The Pearson correlation of NASCA with XNLI zero-shot transfer performance reaches 0.9326, and with BMLAMA-53 reaches 0.7701.

Ablation Study

Configuration Key Metric Description
NAS vs Embedding Retrieval +40.92% (Tatoeba En⇔xx) NAS representation far outperforms embedding representation
Directional Symmetry NAS is almost symmetric Embedding directional difference reaches 30.73%
100 pairs vs More sentences Stably high correlation 100 parallel sentence pairs are sufficient

Key Findings

  1. Mitigation of Directional Asymmetry: Traditional embeddings exhibit differences as high as 30.73% between En \(\rightarrow\) xx and xx \(\rightarrow\) En directions on Tatoeba. In contrast, the NAS representation almost entirely mitigates this asymmetry, indicating that it captures cross-lingual semantics more effectively.

  2. Layer-wise Alignment Dynamics: Alignment scores peak in middle layers and are lowest in the preliminary and final layers. Lower layers primarily map different languages to a shared semantic space centered around high-resource languages, while higher layers project the semantic content back onto language-specific vocabularies.

  3. High-to-Low Resource Gap: High-resource language pairs (e.g., Italian \(\rightarrow\) French, NASCA = 0.8372) perform far better than low-resource language pairs (e.g., Gujarati \(\rightarrow\) Banjar, NASCA = 0.2191). However, the improvement brought by the NAS representation is more pronounced for low-resource languages.

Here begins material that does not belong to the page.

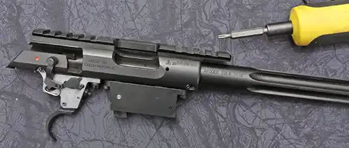 CZ makes barrel swaps for their 455 and 457 rifles very simple. With the barreled action out of the stock or chassis, you can see the two grub screws which hold the barrel in place. Although that magwell does need to be loosened to swap the barrel, it’s those two grub screws which need to be backed out for the swap. Back them out a few turns, and the OEM barrel should pop right out. Install the BoreBuddy barrel, and torque the screws to 30 in/lbs. Carefully snug down the magwell screws and install it back in the stock or chassis.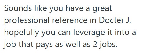 “Having a second job won’t cut it with me; you better fix that pronto” ? You got it, dude!

  4. Consistency Across Models: NeuronXA evaluation remains consistent and effective across multiple models including LLaMA, Qwen, Mistral, GLM, and OLMo.

Highlights & Insights

  1. Interdisciplinary Inspiration: Intelligently borrows the neuroscience finding that "similar stimuli activate overlapping neural circuits", presenting a novel perspective for evaluating cross-lingual alignment in NLP.
  2. Exceptional Efficiency: High-quality evaluation is achieved with only 100 parallel sentence pairs, significantly reducing evaluative costs.
  3. Elimination of Directional Bias: The NAS representation achieves near-symmetrical retrieval performance, solving a prominent flaw of embedding-based methods.
  4. Beneficial for Low-Resource Languages: The NAS representation space is smoother, mitigating the negative impact of representation collapse on low-resource languages.
  5. Insights from Layer-wise Analysis: Unveils the inner multilingual processing mechanism of LLMs, demonstrating that middle layers are critical for semantic alignment.

Limitations & Future Work

  1. Currently, the study focuses exclusively on neurons in FFN layers, leaving the contributions of attention layers unexplored.
  2. English is used solely as the pivot language; the effectiveness of utilizing other high-resource languages as pivots remains uninvestigated.
  3. There is a lack of deep theoretical explanations as to why the NAS representation space is smoother.
  4. The evaluation only covers models within the 7B-14B scale; the effectiveness on larger or smaller models remains to be verified.
  5. The position-weighted averaging strategy is heuristic and may not be the optimal sentence representation method.
  • Cross-lingual Alignment: Embedding similarity-based methods like MEXA suffer from anisotropy issues.
  • Neuron Analysis: Prior works such as Dai et al. 2022 demonstrate that FFN neurons encode diverse types of knowledge.
  • Multilingual LLM Inner Mechanisms: Wendler et al. 2024 discover the existence of latent languages.
  • The neuron-state representation paradigm proposed in this paper can be extended to other scenarios requiring intrinsic representation, such as model interpretability and knowledge probing.

Rating

  • Novelty: ⭐⭐⭐⭐ Assessing cross-lingual alignment through neuron activation states is a completely new perspective, though the methodology itself is relatively straightforward.
  • Experimental Thoroughness: ⭐⭐⭐⭐⭐ Covers multiple models, datasets, and languages. The correlation analysis is comprehensive, including both retrieval and transfer tasks.
  • Writing Quality: ⭐⭐⭐⭐ Clear structure, natural motivation, and rich visualizations.
  • Value: ⭐⭐⭐⭐ Provides an efficient and effective evaluation tool for cross-lingual alignment, offering practical guidance for multilingual LLM research.